(Activity):
Print the lines below from the line with "Zespół obiektów budowlanych" to the line with "Góra w formie" exactly, keeping both ends, and print no pictures.

(Excerpted records):
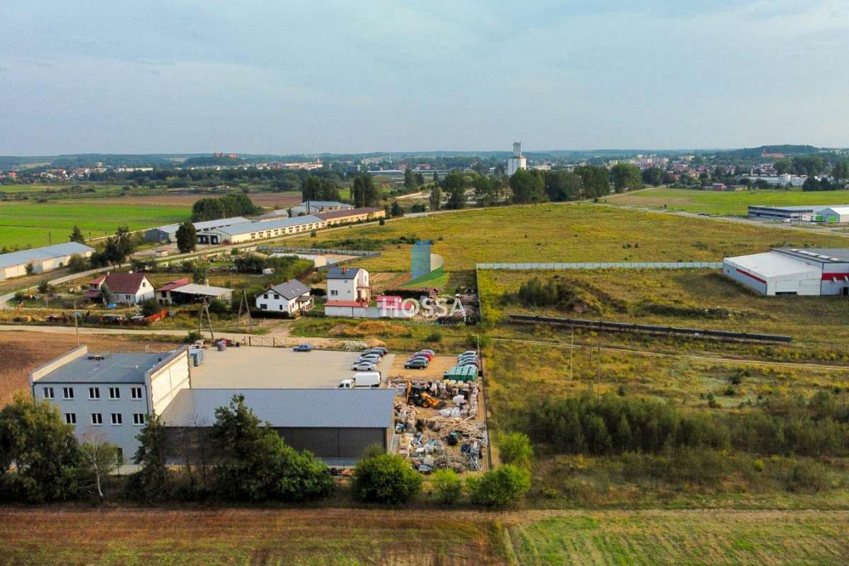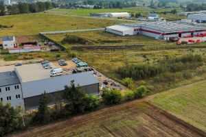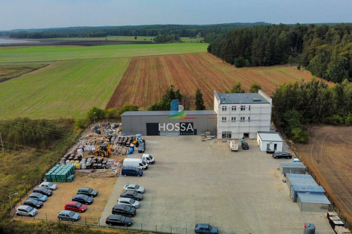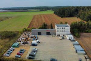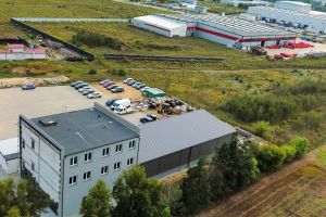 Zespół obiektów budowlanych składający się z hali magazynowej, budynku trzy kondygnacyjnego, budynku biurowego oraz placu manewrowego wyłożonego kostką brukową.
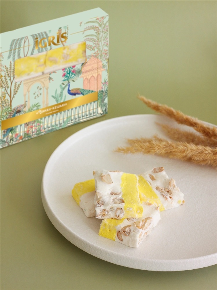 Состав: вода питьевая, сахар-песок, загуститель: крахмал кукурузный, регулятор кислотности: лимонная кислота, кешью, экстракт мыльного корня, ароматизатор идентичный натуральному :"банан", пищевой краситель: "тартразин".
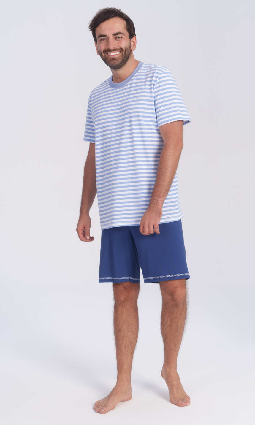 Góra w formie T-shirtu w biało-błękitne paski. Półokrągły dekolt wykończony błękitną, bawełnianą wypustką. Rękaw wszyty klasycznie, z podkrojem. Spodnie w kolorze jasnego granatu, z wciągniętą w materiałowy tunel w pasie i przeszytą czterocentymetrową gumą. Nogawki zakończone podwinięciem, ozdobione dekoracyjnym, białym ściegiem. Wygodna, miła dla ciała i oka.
...
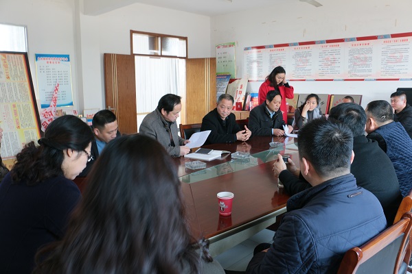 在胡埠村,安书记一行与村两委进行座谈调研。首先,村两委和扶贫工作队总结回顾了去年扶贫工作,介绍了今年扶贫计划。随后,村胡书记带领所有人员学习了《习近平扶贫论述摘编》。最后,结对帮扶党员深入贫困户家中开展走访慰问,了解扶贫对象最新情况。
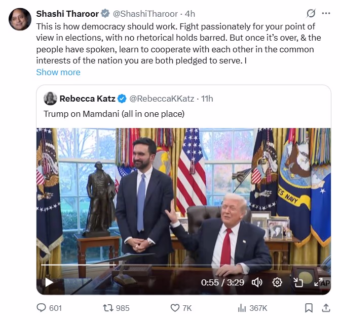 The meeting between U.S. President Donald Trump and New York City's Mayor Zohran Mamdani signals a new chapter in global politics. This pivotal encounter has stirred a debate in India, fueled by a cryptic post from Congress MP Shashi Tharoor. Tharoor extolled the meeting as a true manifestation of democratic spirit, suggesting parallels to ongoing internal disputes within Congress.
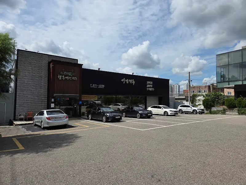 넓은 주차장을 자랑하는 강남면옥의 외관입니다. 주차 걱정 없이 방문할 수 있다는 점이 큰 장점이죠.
--
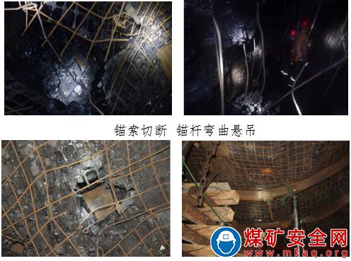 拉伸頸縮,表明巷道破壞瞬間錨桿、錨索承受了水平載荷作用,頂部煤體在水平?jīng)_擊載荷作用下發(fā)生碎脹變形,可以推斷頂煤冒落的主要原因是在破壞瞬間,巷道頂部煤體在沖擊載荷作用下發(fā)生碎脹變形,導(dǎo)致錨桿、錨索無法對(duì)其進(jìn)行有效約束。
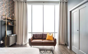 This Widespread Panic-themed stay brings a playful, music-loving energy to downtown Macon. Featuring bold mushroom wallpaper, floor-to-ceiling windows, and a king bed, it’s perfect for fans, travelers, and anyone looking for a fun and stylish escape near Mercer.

(Answer to the exercise):
 Zespół obiektów budowlanych składający się z hali magazynowej, budynku trzy kondygnacyjnego, budynku biurowego oraz placu manewrowego wyłożonego kostką brukową.
 Состав: вода питьевая, сахар-песок, загуститель: крахмал кукурузный, регулятор кислотности: лимонная кислота, кешью, экстракт мыльного корня, ароматизатор идентичный натуральному :"банан", пищевой краситель: "тартразин".
 Góra w formie T-shirtu w biało-błękitne paski. Półokrągły dekolt wykończony błękitną, bawełnianą wypustką. Rękaw wszyty klasycznie, z podkrojem. Spodnie w kolorze jasnego granatu, z wciągniętą w materiałowy tunel w pasie i przeszytą czterocentymetrową gumą. Nogawki zakończone podwinięciem, ozdobione dekoracyjnym, białym ściegiem. Wygodna, miła dla ciała i oka.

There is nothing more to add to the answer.